• _Exercise instructions_
Output a character-exact copy of the data, images removed.

(Stored records)
>>

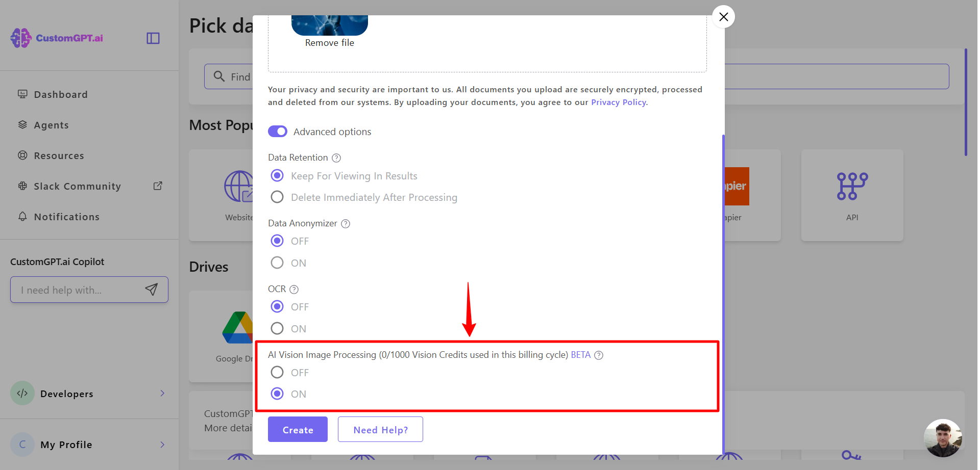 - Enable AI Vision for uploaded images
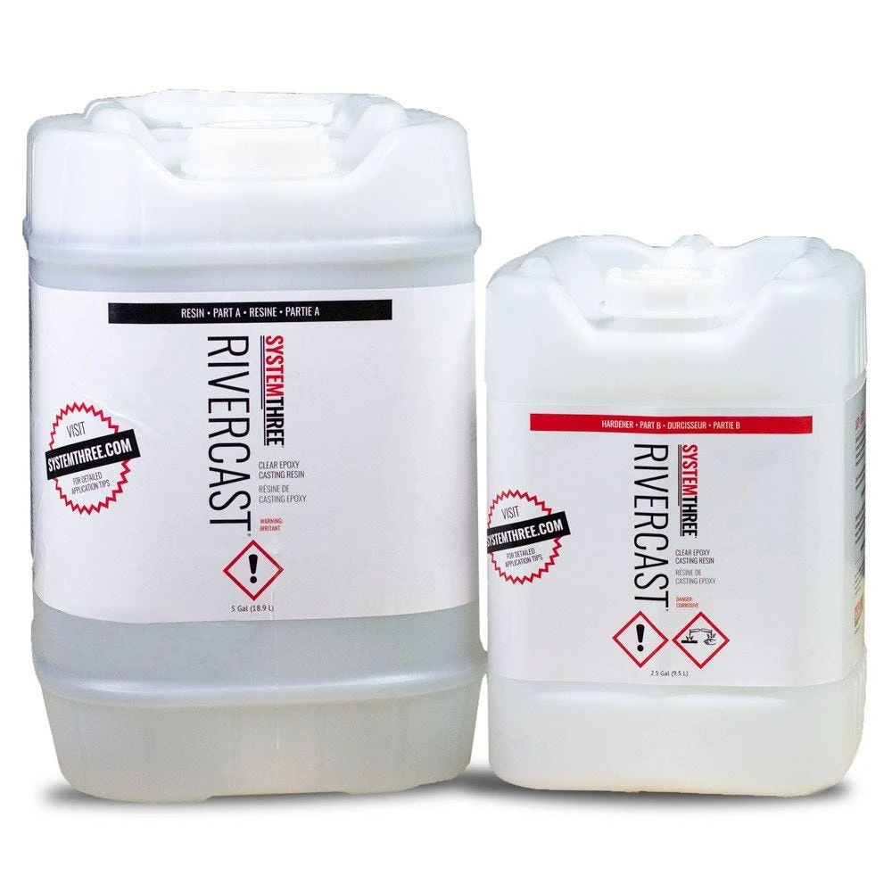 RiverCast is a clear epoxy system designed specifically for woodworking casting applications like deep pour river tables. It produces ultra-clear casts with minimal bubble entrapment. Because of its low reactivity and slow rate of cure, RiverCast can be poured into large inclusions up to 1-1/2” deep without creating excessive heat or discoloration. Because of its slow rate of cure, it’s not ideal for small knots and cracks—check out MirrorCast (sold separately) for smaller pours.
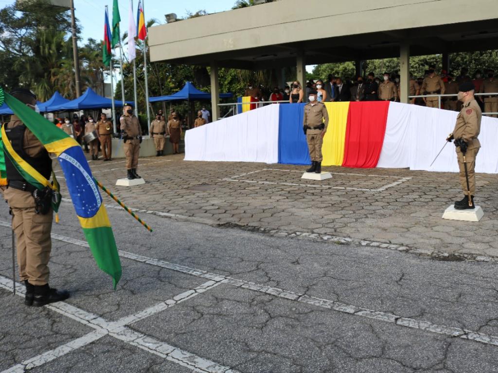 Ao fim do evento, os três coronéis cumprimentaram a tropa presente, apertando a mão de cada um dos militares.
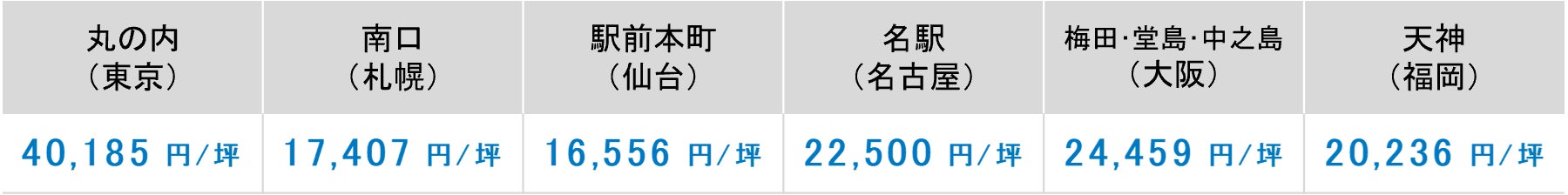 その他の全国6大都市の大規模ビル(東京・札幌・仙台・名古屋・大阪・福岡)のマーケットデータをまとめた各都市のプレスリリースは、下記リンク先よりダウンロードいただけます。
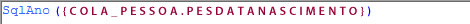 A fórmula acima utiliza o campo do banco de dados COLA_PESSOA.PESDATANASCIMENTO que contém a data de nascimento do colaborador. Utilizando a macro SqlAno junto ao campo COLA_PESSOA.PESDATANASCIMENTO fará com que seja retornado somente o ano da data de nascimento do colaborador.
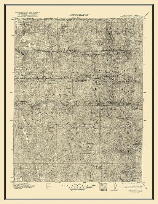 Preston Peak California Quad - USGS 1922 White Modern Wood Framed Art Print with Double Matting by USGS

<<

• _Problem solution_
 - Enable AI Vision for uploaded images
 RiverCast is a clear epoxy system designed specifically for woodworking casting applications like deep pour river tables. It produces ultra-clear casts with minimal bubble entrapment. Because of its low reactivity and slow rate of cure, RiverCast can be poured into large inclusions up to 1-1/2” deep without creating excessive heat or discoloration. Because of its slow rate of cure, it’s not ideal for small knots and cracks—check out MirrorCast (sold separately) for smaller pours.
 Ao fim do evento, os três coronéis cumprimentaram a tropa presente, apertando a mão de cada um dos militares.
 その他の全国6大都市の大規模ビル(東京・札幌・仙台・名古屋・大阪・福岡)のマーケットデータをまとめた各都市のプレスリリースは、下記リンク先よりダウンロードいただけます。
 A fórmula acima utiliza o campo do banco de dados COLA_PESSOA.PESDATANASCIMENTO que contém a data de nascimento do colaborador. Utilizando a macro SqlAno junto ao campo COLA_PESSOA.PESDATANASCIMENTO fará com que seja retornado somente o ano da data de nascimento do colaborador.
 Preston Peak California Quad - USGS 1922 White Modern Wood Framed Art Print with Double Matting by USGS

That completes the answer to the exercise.